Records shown

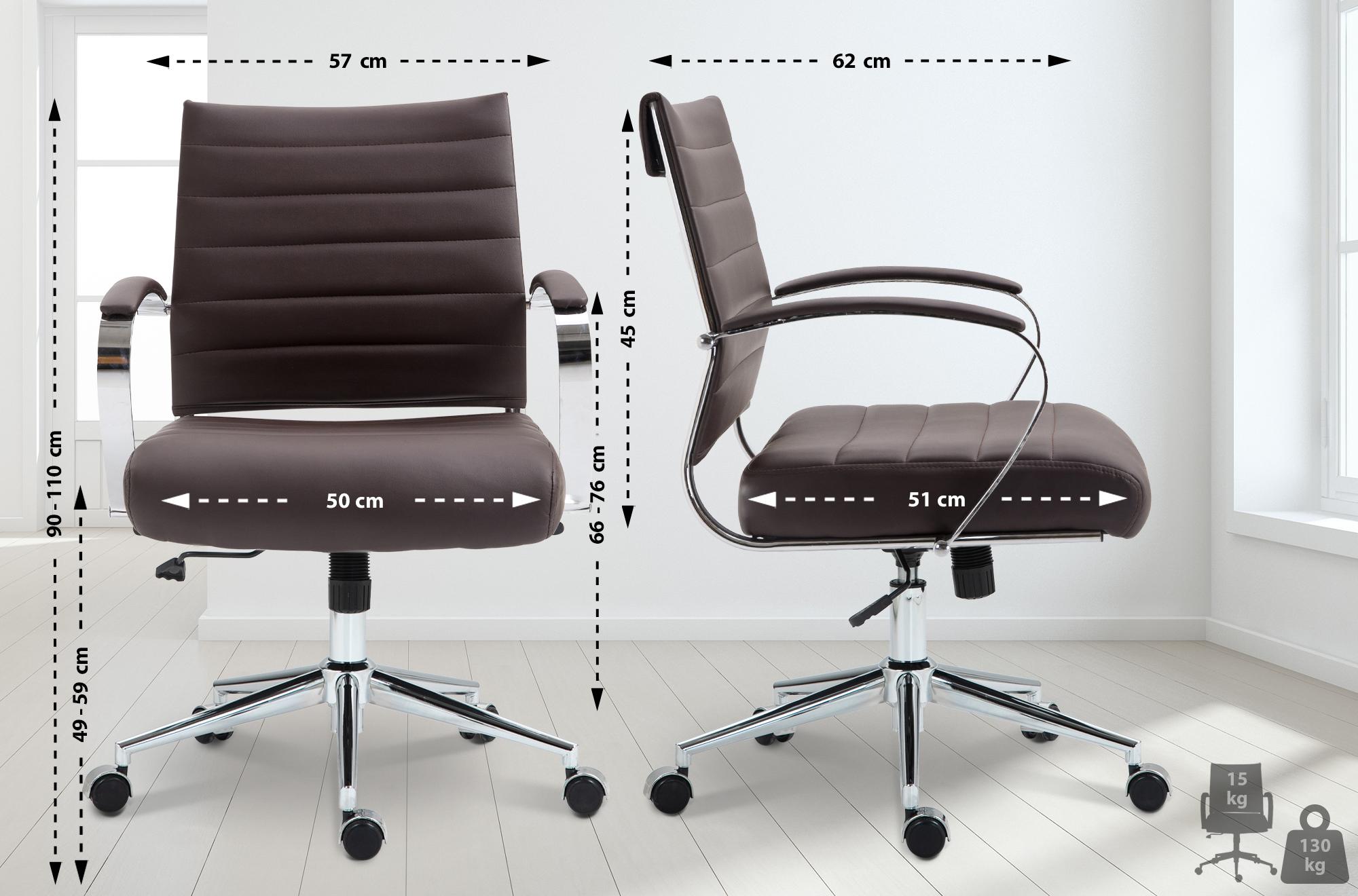 Chaise de bureau sur roulettes design ergonomique en similicuir marron et métal chromé 10_0007022
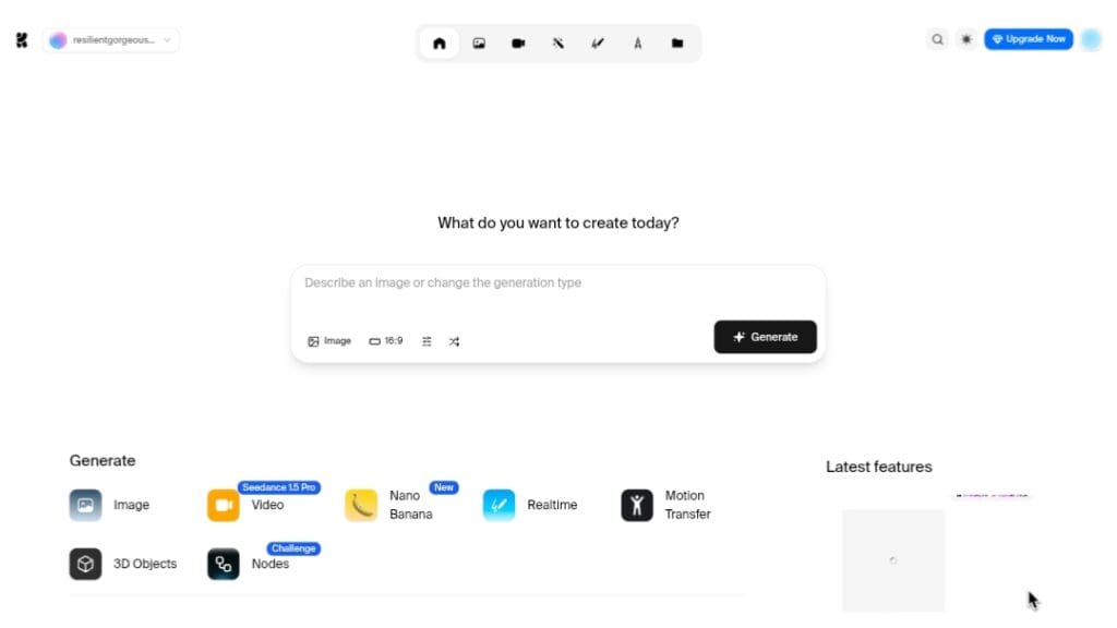 - Choose tool: Select image/video/3D generation, enhancer, or canvas from dashboard
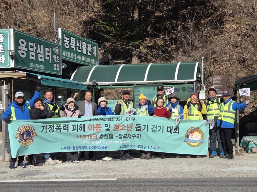 가정폭력 피해 아동 및 청소년 돕기 걷기 대회 페이지 정보 작성자 철원두루미 댓글 0건 조회 22회 작성일 25-11-22 18:29 본문 가정폭력 피해 아동 및 청소년 돕기 걷기 대회11월 18일 춘천댐 ~ 잠곡저수지 목록 이전글속초설해라이온스 난방유 지원 봉사 25.11.23 다음글불우이웃봉사금 전달 25.11.21
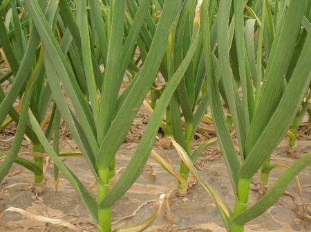 葉面追肥在秋大蒜生長發(fā)育期間,必須每7~10天葉面噴施一次0.1%硫酸鎂、0.2%尿素、0.3%磷酸二氫鉀、300倍硝酸鈣、1000倍植物高效平衡營養(yǎng)液、1000倍天然蕓苔素混合液,連續(xù)噴灑8~10次,均勻噴濕所有的莖葉,以開始有水珠往下滴為宜。
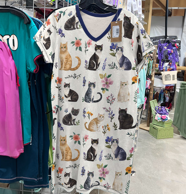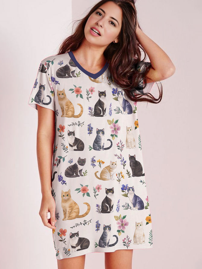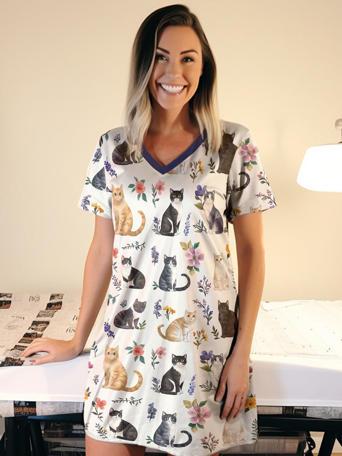 Made from ultra-soft Jersey Knit Fabric (95% polyester, 5% spandex), it's lightweight, breathable, and perfect for lounging. Featuring unique printed graphics, this nightshirt adds a touch of personal style to your cozy moments at home.
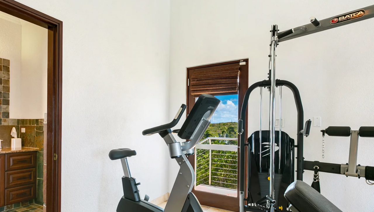 Perfectly designed for entertaining, the expansive outdoor terrace features a bar, grill, and ample lounging space beneath the stars. On the main floor, four generously sized king suites provide comfort and privacy—two of them with direct access to the pool deck. For added seclusion, the upper level houses a private guest apartment, complete with its own living and dining areas, kitchenette, and a fully equipped gym for fitness-minded guests.
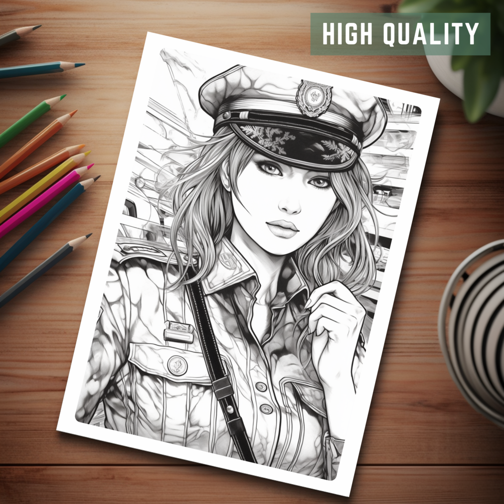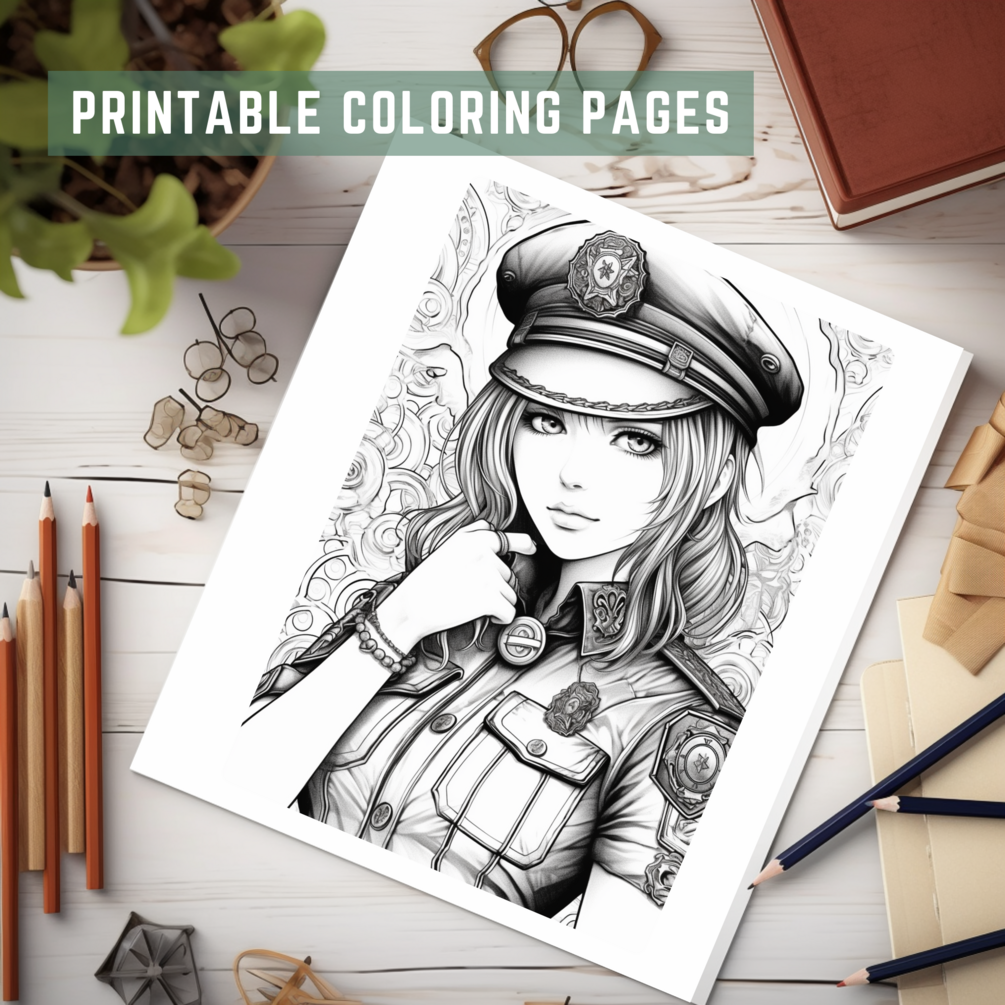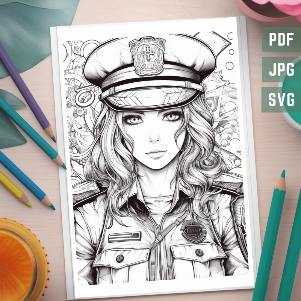Anime Police Girl Coloring Book Page Manga Policewoman Printable Tinting Sheet For Adult Mind Relaxation Activity Lady Cop Painting Sketch
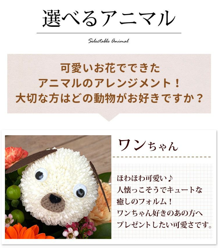 他の画像を見る 送料無料 お供え用 誕生日 アニマルモチーフ 生花アレンジ お花でできたキュートなアニマル★フラワーアレンジメント 送料無料 7種類の動物から選べる♪ アニマルフラワーアレンジ<1匹ver> 当店特別価格 ¥ 3,980 税込 会員価格あり Web会員様特別価格 ¥ 3,781 税込 詳細を見る お気に入りに登録する
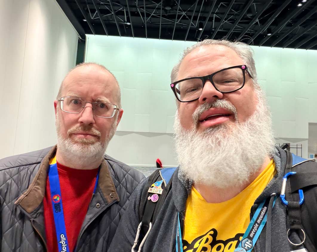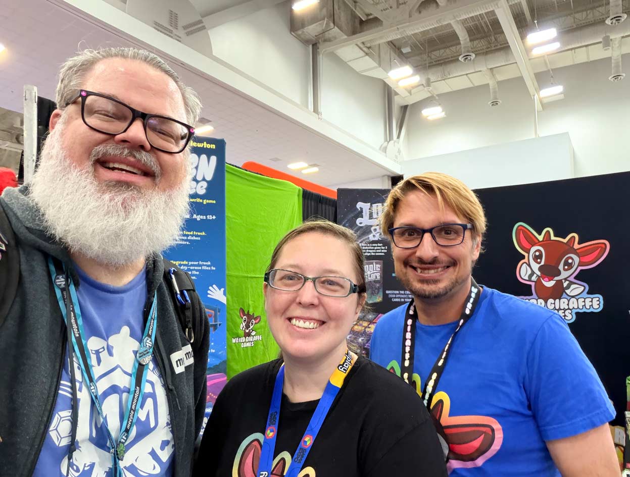 TL;DR – loads of name recognition for Meeple Mountain, and even specific team members. Small box card games are the hotness right now—almost every publisher has one or two, and everyone I pointed that out to commented that it’s in response to the U.S. tariffs. And of course, like every year, friendliness and camaraderie was on high display.
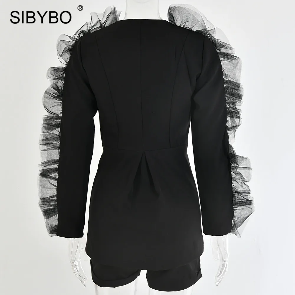 incredible SIBYBO Deep V-Neck Mesh Spliced Sexy Women Blazer and Shorts Set Long Sleeve Spring Two Piece Set W
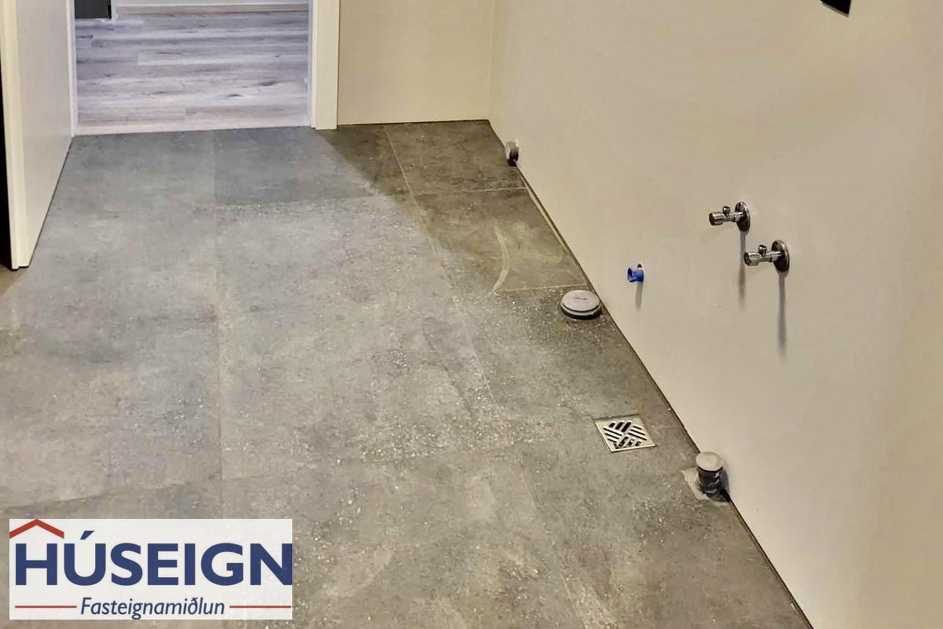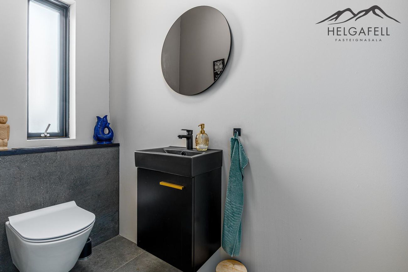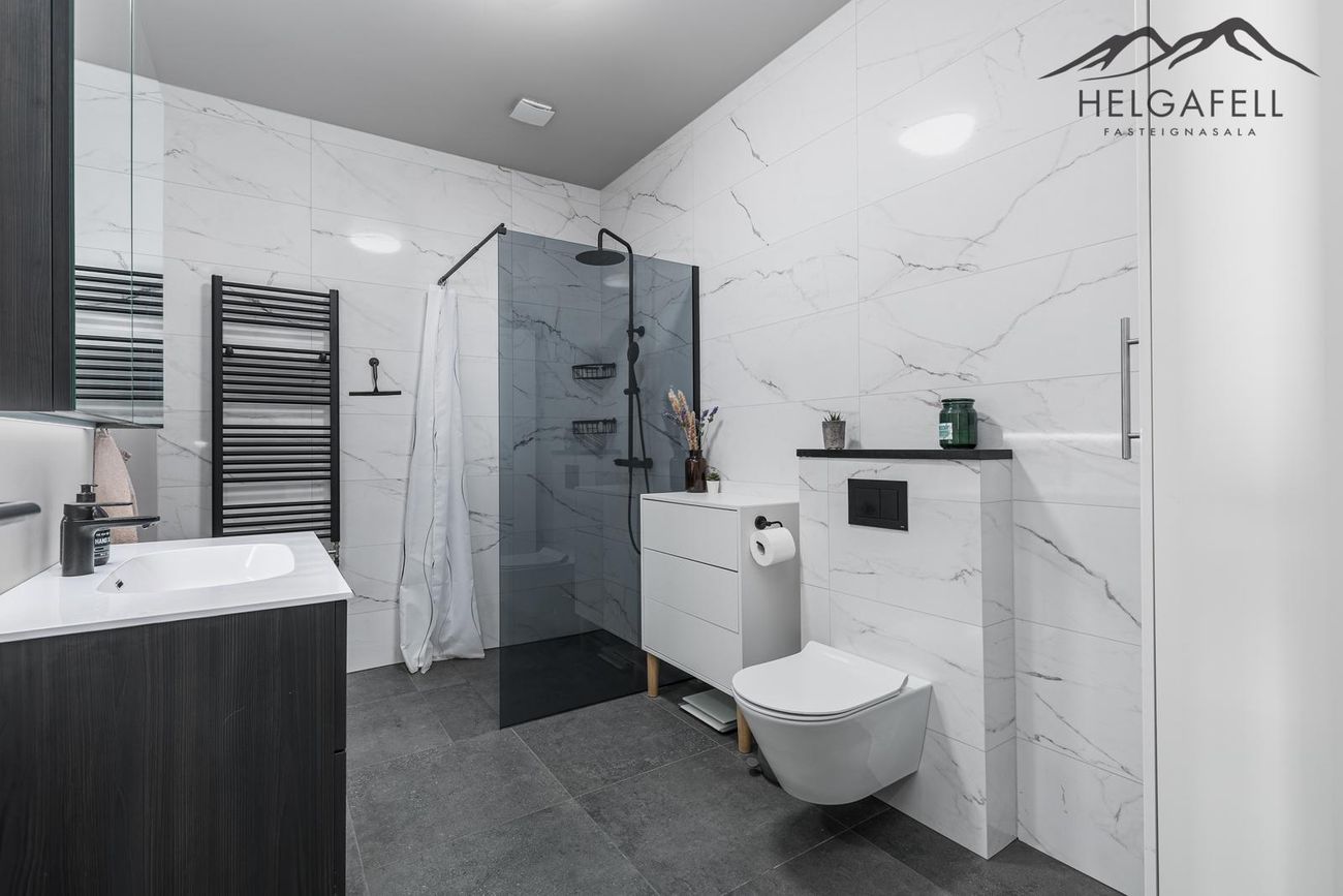 Baðherbergi: Rúmgott, með fallegri svartri innréttingu, speglaskápur með innfelldri lýsingu, hvítur skápur, vegghengt salerni, handklæðaofn, walk in sturta, tengi er fyrir þvottavél og þurrkara, flísalagt í hólf og gólf.
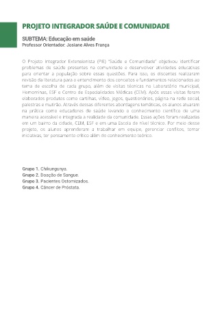 O Projeto Integrador Extensionista (PIE) “Saúde e Comunidade” objetivou identificar
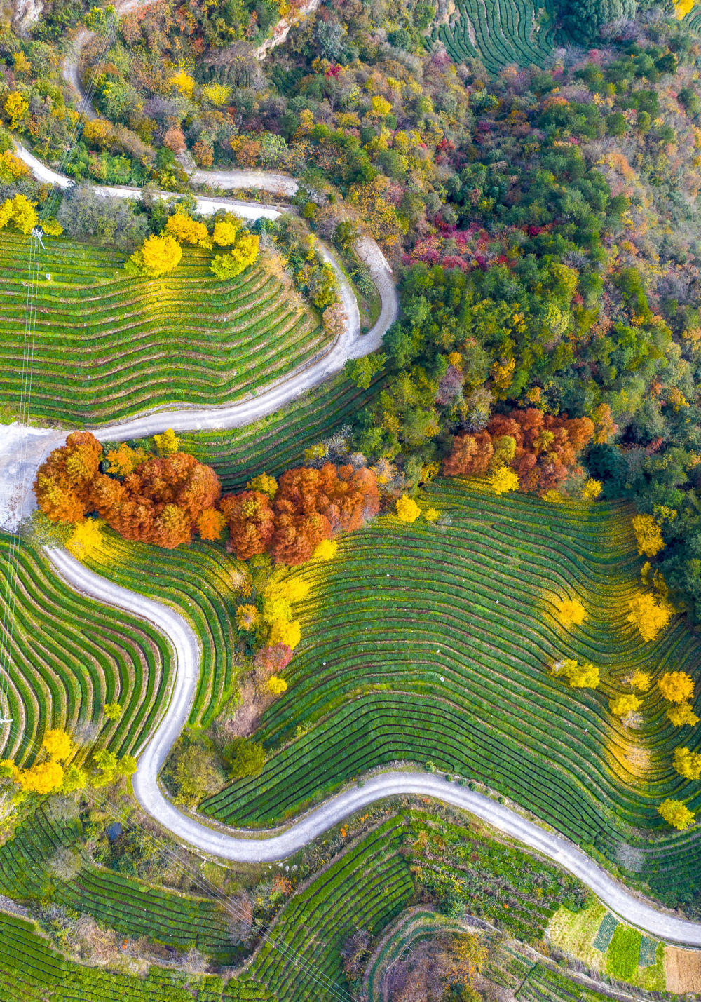 2023年11月24日在十堰市武當(dāng)山旅游經(jīng)濟(jì)特區(qū)八仙觀村拍攝的茶園(無(wú)人機(jī)照片)。
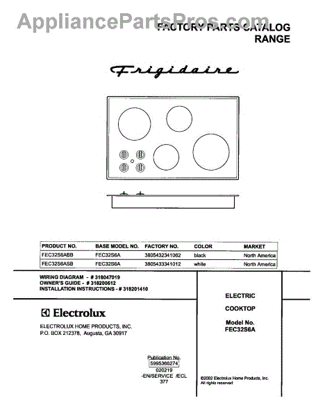 Parts for Frigidaire FEC32S6ASB: 01 - Cover Parts
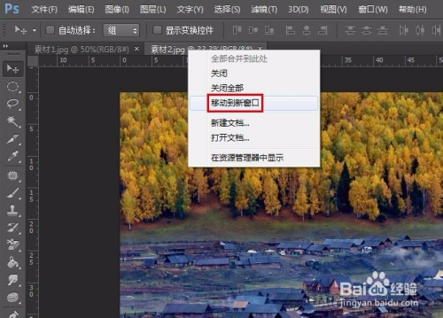 第四步:选择肆意一张图片,在题目处单击鼠标右键选择“移动到新窗口”,就可以显示两个窗口了。

Instructions to follow
Please reproduce, exactly and only, the lines from the line containing "incredible SIBYBO Deep" through the last line of the material above, minus any pictures.

Written reply
 incredible SIBYBO Deep V-Neck Mesh Spliced Sexy Women Blazer and Shorts Set Long Sleeve Spring Two Piece Set W
 Baðherbergi: Rúmgott, með fallegri svartri innréttingu, speglaskápur með innfelldri lýsingu, hvítur skápur, vegghengt salerni, handklæðaofn, walk in sturta, tengi er fyrir þvottavél og þurrkara, flísalagt í hólf og gólf.
 O Projeto Integrador Extensionista (PIE) “Saúde e Comunidade” objetivou identificar
 2023年11月24日在十堰市武當(dāng)山旅游經(jīng)濟(jì)特區(qū)八仙觀村拍攝的茶園(無(wú)人機(jī)照片)。
 Parts for Frigidaire FEC32S6ASB: 01 - Cover Parts
 第四步:选择肆意一张图片,在题目处单击鼠标右键选择“移动到新窗口”,就可以显示两个窗口了。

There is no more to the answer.